Malcolm Temple: “Before we moved here, Karen and I were living in London. Karen was running a therapeutic restoration project in the walled garden at Chiswick House, I was making art and designing gardens and garden pavilions. We both realised how wonderful it would be to work together. We couldn’t afford lots of space in London so we began looking in Herefordshire, which was good value, and came across this house.

“We have designed it as a dance. The shape itself is a performance. If you look at an aerial shot of it, you can see the rhythms we have woven into its layout, a bit like the Nazca desert drawings.
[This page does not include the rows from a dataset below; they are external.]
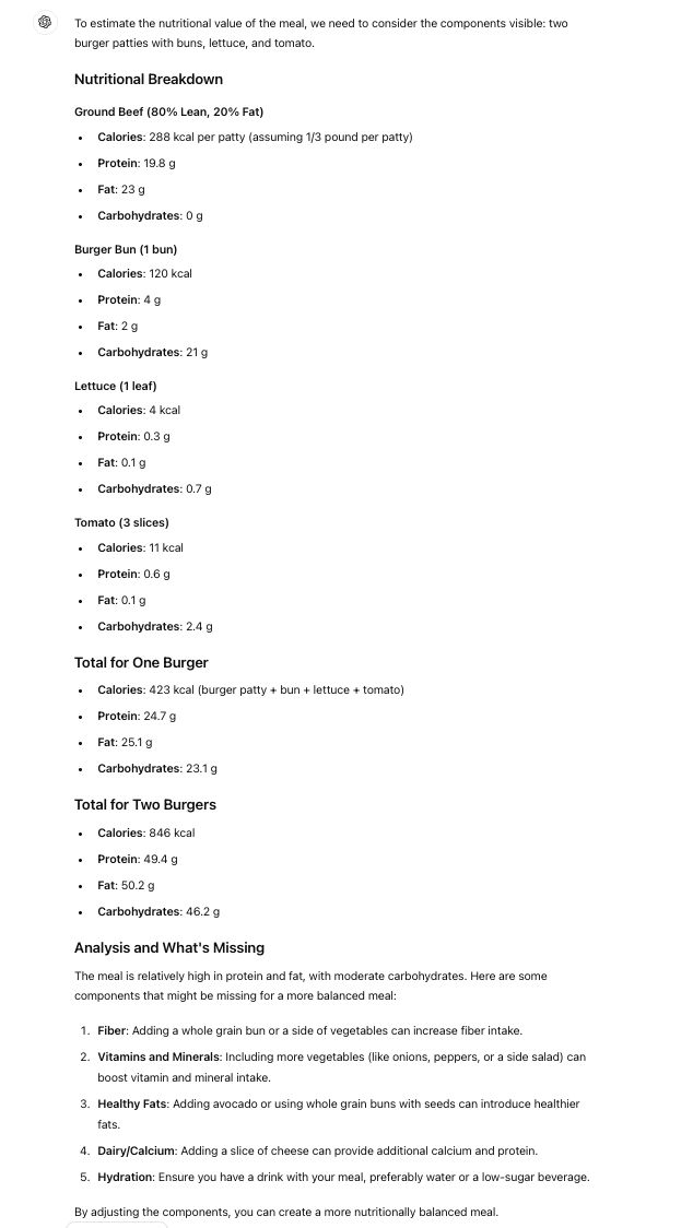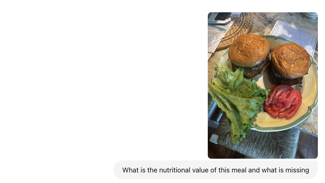 My son plays a lot of tennis and is doing a tennis camp and his coach wants him to increase his protein intake as he needs to build up some muscle and eat healthy. So I decided to take a picture of his meal and ask GPT-4o what the nutritional value of this meal was and if he was missing anything. These are the kinds of questions we have but in the past would have been hard to do.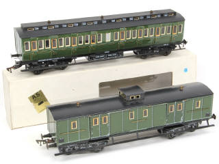 comprend : voyageurs de 3ème classe & fourgon à bagages - quelques frottements plus ou moins importants sur l'ensemble des carrosseries - légères traces d'oxydation par endroits - une boite non d'origine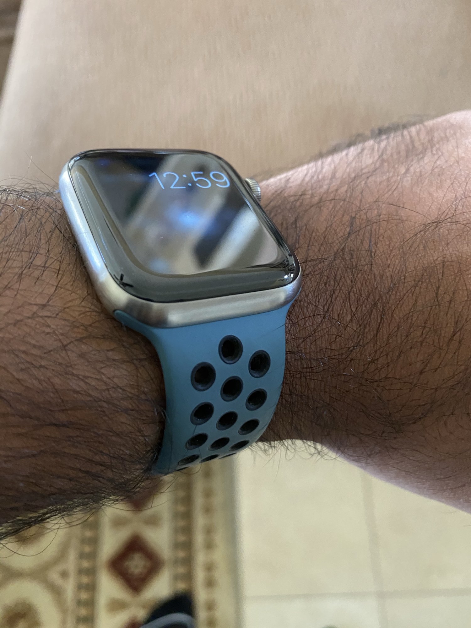 I have to ask. How much?In other news, chargerstore came throgh w a request on a preowned 44mm celestial teal/black band. 😀. Some shine underneath but overall in great shape...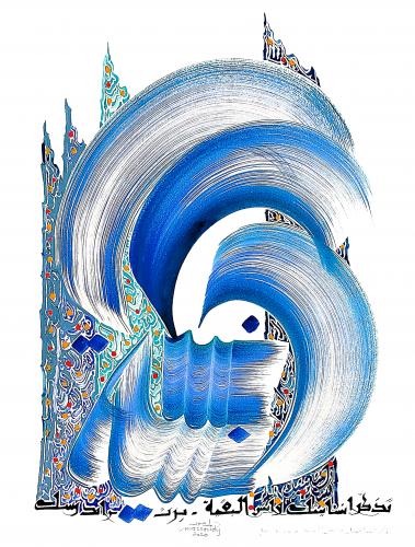 2002 Participated in the exhibitions of the François Villon Cultural Center, Enghien Les Bains, France, the Gallery Hunar, Dubai, UAE, the exhibition of François Mauriac Cultural Hall, Sevran, France, the Gallery ‘Atelier Gustave’, Paris, and the Youth and Culture House exhibition, Colombes, France. He wrote a book entitled ‘Perfect Harmony: Sufi Poetry by Ibn Arabi: The Calligraphy by Hassan Massoudy’, published in both Arabic and English.

In fact, I tried to design the entire layout as though I was a bird, looking down over the three-acre woodland we’ve planted and working out what shapes I wanted to create out of them using pathways.

“The garden is a performance on its own, but when you visit – and we do open it to those interested – the paths guide your movement in a way that makes you feel part of the dance. There is a flexibility to the choreography, however. I want people to feel surprised when they’re here, so when they come, we give them a groundplan, which they can either follow or ignore, letting the garden lead, if they wish. Either way, they will come across the various sculptures and buildings I’ve created throughout, each of which has been conceived as a moment of discovery.

“The paths that meander through the woodland and the terraces we’ve planted are key to the rhythm. They’re partly inspired by the meanders at Chiswick House, but also by William Kent’s work at Rousham, a garden that certainly changed me when I first visited. There, the woodland is not impenetrable but is instead a place of discovery, thanks to the paths that wander through it. I’ve also laid the trees out in particular patterns to underscore the rhythms. In the last decade we’ve planted three acres of indigenous tree species, with thanks to a grant from the Forestry Commission. It amazes me that some are already 40-foot high.

“The garden has lots of subtly distinct zones, or atmospheres, that roll into one another as you explore it. I wanted the house to have the same feeling too, which is why every room has a slightly different feeling to it. One place I’ve visited lots over the past 40 years is the V&A, which illustrates beautifully the myriad possibilities there are for interior environments, a taste of which I’ve tried to incorporate into our home.

“The spare bedroom, with the William Morris wallpaper, is an homage to his tea room and to the Arts and Crafts movement; the living room, meanwhile, is a place for contemplation and is consequently much calmer, installed with quiet 18th-century-style panelling. The Jewel Box Room is quite the opposite: high colour, exuberance and expression, which are things I’ve often explored in my sculpture and furniture. Upstairs, we’ve a little room that’s just for sitting and reading; one of my absolute bugbears in gardens is not having enough places to sit and enjoy the moment. It’s why I’m so keen on architecture within them.

“All the rooms in the house have places to display things. The urge to collect, arrange and display is wonderfully childish and I think it’s important we don’t lose it, just as I feel that dancing – an essential form of movement and expression that children learn without being taught – must be encouraged in us all so it doesn’t disappear underground. That’s what this house and garden are all about. They’re also about coming together, shared spaces for gathering. Community and togetherness are so important to us as a species.

“The garden is finished now. I will cherish the memories of it, but I’ve got other creative projects I want to do. I’ve an idea for a pageant of sorts – I’m not sure if it’s an opera or a dance or an exhibition – and I’d like to do up another house, making the building a performance as much as the garden. I want to create a place that can make you a different person once you’ve experienced it, just as art has taken me to new realms. Knowing we as humans have the resources within us to do that is just so exciting.”